Verdict: InData Labs vs GlobalLogic (Hitachi)

InData Labs (4.6/5) is the stronger overall choice for most Machine Learning Development projects. Boutique firm with a track record of solving atypical, high-complexity ML problems that generalist shops decline or under-deliver on. It is best for businesses with complex, highly specific ML problems requiring deep data science expertise and custom model architecture.

GlobalLogic (Hitachi) (3.9/5) is the better choice when global enterprises requiring MLOps at massive scale with the backing of a Hitachi Group company. If your situation matches those criteria, GlobalLogic (Hitachi) is a competitive option.

Related comparisons

InData Labs vs GlobalLogic (Hitachi) FAQ

Is InData Labs better than GlobalLogic (Hitachi)?

InData Labs (4.6/5) scores higher overall, but "better" depends on your use case. InData Labs is better for businesses with complex, highly specific ML problems requiring deep data science expertise and custom model architecture. GlobalLogic (Hitachi) is better for global enterprises requiring MLOps at massive scale with the backing of a Hitachi Group company.

How do InData Labs and GlobalLogic (Hitachi) differ in pricing?

InData Labs uses fixed project, t&m pricing with a minimum engagement of $20K. GlobalLogic (Hitachi) uses dedicated team, t&m pricing with a minimum engagement of $100K. Neither firm publishes a full rate card; a discovery call is required for project-specific quotes.

Which is better for enterprise: InData Labs or GlobalLogic (Hitachi)?

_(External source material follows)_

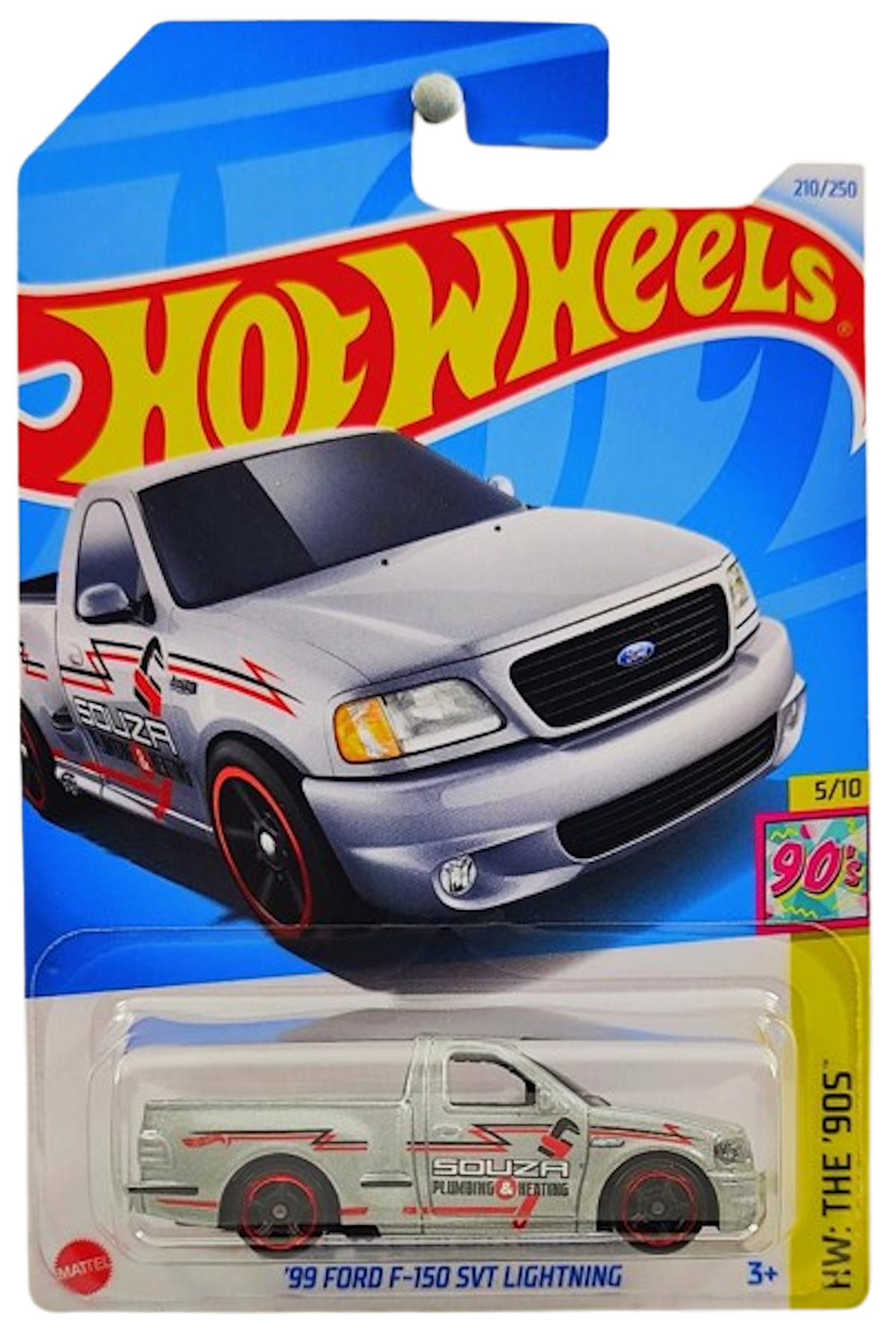 Hot Wheels 2024 - Collector # 210/250 - HW: The '90s 5/10 - '99 Ford F-150 SVT Lightning - Silver - International Card - MPN HTB07

GlobalLogic (Hitachi) is the larger team and typically the better enterprise-scale choice. For very large programmes, verify team size and compliance coverage directly with each company before shortlisting.

What are the main differences between InData Labs and GlobalLogic (Hitachi)?

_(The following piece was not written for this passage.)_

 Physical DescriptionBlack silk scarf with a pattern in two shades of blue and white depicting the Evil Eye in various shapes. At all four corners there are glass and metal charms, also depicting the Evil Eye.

InData Labs's primary differentiator is: boutique firm with a track record of solving atypical, high-complexity ml problems that generalist shops decline or under-deliver on. GlobalLogic (Hitachi)'s primary differentiator is: hitachi group backing with 27,000 engineers — the scale and compliance posture of a major industrial conglomerate applied to enterprise ml. They also differ in team size (100+ vs 27,000+), minimum engagement ($20K vs $100K), and primary industries served (Healthcare & Life Sciences, Financial Services vs Financial Services, Manufacturing & Industrial).

Last reviewed: July 2026. Verify all details directly with each company before making a decision.